С тех пор прошло целых 25 эмигрантских лет. Старшее, ведущее поколение эмиграции уже ушло из жизни, и тогдашняя молодежь уже убелена сединами; кадры значительно поредели и рассеялись по всему свету. А над Россией опять загремели пушки и вновь заиграли зарницы войны. Господи, что все это сулит нашей замученной и исстрадавшейся России? Какой тернистый путь еще ей предстоит пройти? Под влиянием столь тяжелых мыслей и переживаний решил было вернуться домой, но вспомнил, что я обещал людям, меня ждут, и я могу их подвести; я пошел в гараж и позвонил по телефону жене. Она же, выслушав мою новость, еле слышным, подавленным голосом спросила: а что будет дальше? На что я мог ответить — не знаю.
С наступлением утра, когда город проснулся и началась повседневная жизнь, все заговорили о новой войне; о ней писали, ей посвящены были почти все радиопередачи. О войне же на Западе, длившейся уже два года, как будто забыли, она стала привычной.
В этот день с утра были арестованы все служащие советских официальных учреждений и эмигранты, жившие по советским паспортам. Последних в полицейских участках сразу же отпустили, а советских граждан потом обменяли на таких же немцев, застрявших в Советском Союзе.
Утром того же дня жене нужно было пойти в молочную за положенным нам пол-литра детского молока, но она боялась наскочить на неприятность и не решалась выйти на улицу. Однако нельзя было оставить ребенка без молока и пришлось идти.
На улице было тихо, и встречные соседи по-старому приветствовали ее, а в молочной соседки, стоявшие в очереди, точно сговорившись, предложили ей подойти к стойке без очереди. В свою очередь, хозяйка, отпустив жене вместо пол-литра целый литр молока, участливо спросила, знает ли она о случившемся. Все присутствовавшие молчали, у всех был подавленный вид и никакой злобы.

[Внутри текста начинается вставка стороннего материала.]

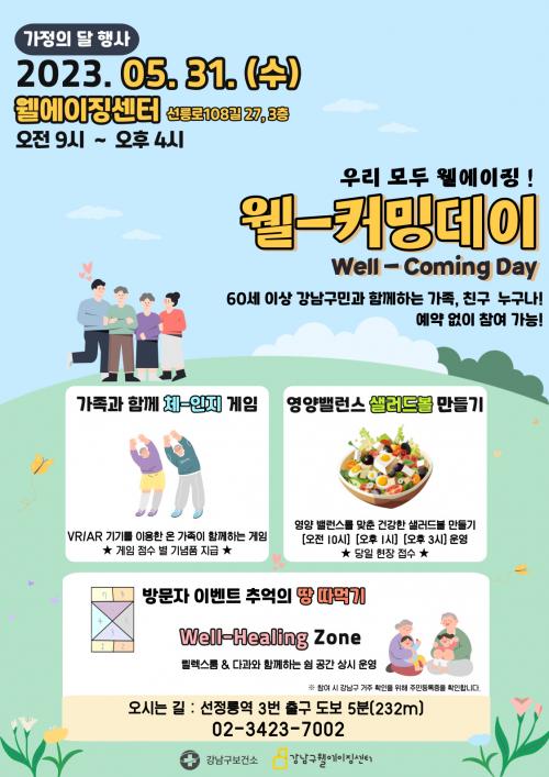 [½Åµ¿¾Æ¹æ¼Û °­³²=À̽ŵ¿±âÀÚ]°­³²±¸(±¸Ã»Àå Á¶¼º¸í)°¡ 5¿ù °¡Á·ÀÇ ´ÞÀ» ¸Â¾Æ 31ÀÏ °­³²±¸À£¿¡ÀÌ¡¼¾ÅÍ¿¡¼­ ¿Â °¡Á·ÀÌ ÇÔ²²ÇÏ´Â ¡®¿ì¸® ¸ðµÎ À£¿¡ÀÌ¡! À£-Ä¿¹Öµ¥ÀÌ(Well-ComingDay)¡¯¸¦ °³ÃÖÇÑ´Ù. 9½ÃºÎÅÍ 16½Ã±îÁö ¼¾Å͸¦ °³¹æÇϰí, °ü³» 60¼¼ ÀÌ»ó ¾î¸£½ÅÀÌ °¡Á·¡¦

Да простят мне читатели описание этих частных моментов, я позволил себе это сделать, поскольку описанные события являются характерными для тогдашнего времени и поскольку после возникновения войны ни население ни официальные власти к русской эмиграции своего отношения не изменили. Здесь уместно будет упомянуть, что из нашей эмиграции преследовались, еще до русско-германской войны, эмигранты еврейского происхождения, но мы были бессильны им помочь. И тем не менее наш архиепископ Берлинский и Германский Тихон приходивших к нему с просьбой русских евреев крестил и выдавал им свидетельства о крещении. К сожалению, это им не помогло, а гестапо потребовало от Синода убрать Тихона из Германии. В результате архиепископ Тихон был отозван в Сремские Карловцы, а ближайшие его сторонники репрессированы (В. Левашов был посажен в тюрьму, граф Л. Воронцов-Дашков предупрежден, что если не успокоится, то будет выслан из страны, а у К.К., представителя от германской епархии на заграничный Собор в Сремских Карловцах отобрало гестапо документы с запретом покинуть страну и с угрозой быть арестованным.)
Первые же вести с фронта были удручающими; Гитлер двинулся на Восток с открытым забралом завоевателя, а Красная Армия разбита и отступает почти без сопротивления. Стало ясно, что на карту поставлена судьба России. Гитлер и Сталин сделали свое каиново дело, а дерутся немцы против русских. Положение русской эмиграции в Германии стало безвыходным. Ее пути с путями местного населения разошлись, между ними как бы выросла невидимая стена, они воспринимали происходящее на фронте каждый по-своему. Само собою разумеется, что как немцы, так и русские стояли за интересы своей родины и в этом отношении личная заинтересованность и личные взаимоотношения отходили на второй план. С этого времени уже не слышно было за рюмкой водки, как это бывало раньше: «Лучше с чертом, но против большевиков». Теперь на улицах, в домах и ресторанах постоянной темой разговоров были фронтовые события; заводились споры, делались прогнозы и предположения. В то же время под тяжестью нахлынувших событий людские настроения, дошедшие до крайнего предела напряжения, распались веером от крайне непримиримых до советских патриотов включительно; но последних было очень мало. Обуреваемые патриотизмом, эти, иногда весьма уважаемые люди желаемое принимали за сущее; остальные же, понимая всю тяжесть создавшегося положения и оставаясь антикоммунистами, искали более правильный путь разрешения задачи. И, как ни странно, с приходом красных в Берлин, пострадали именно совпатриоты, так, например, троих расстреляли, один покончил с собою, с одним случился удар и одного увезли в концлагерь, откуда вернулся через одиннадцать лет полным инвалидом.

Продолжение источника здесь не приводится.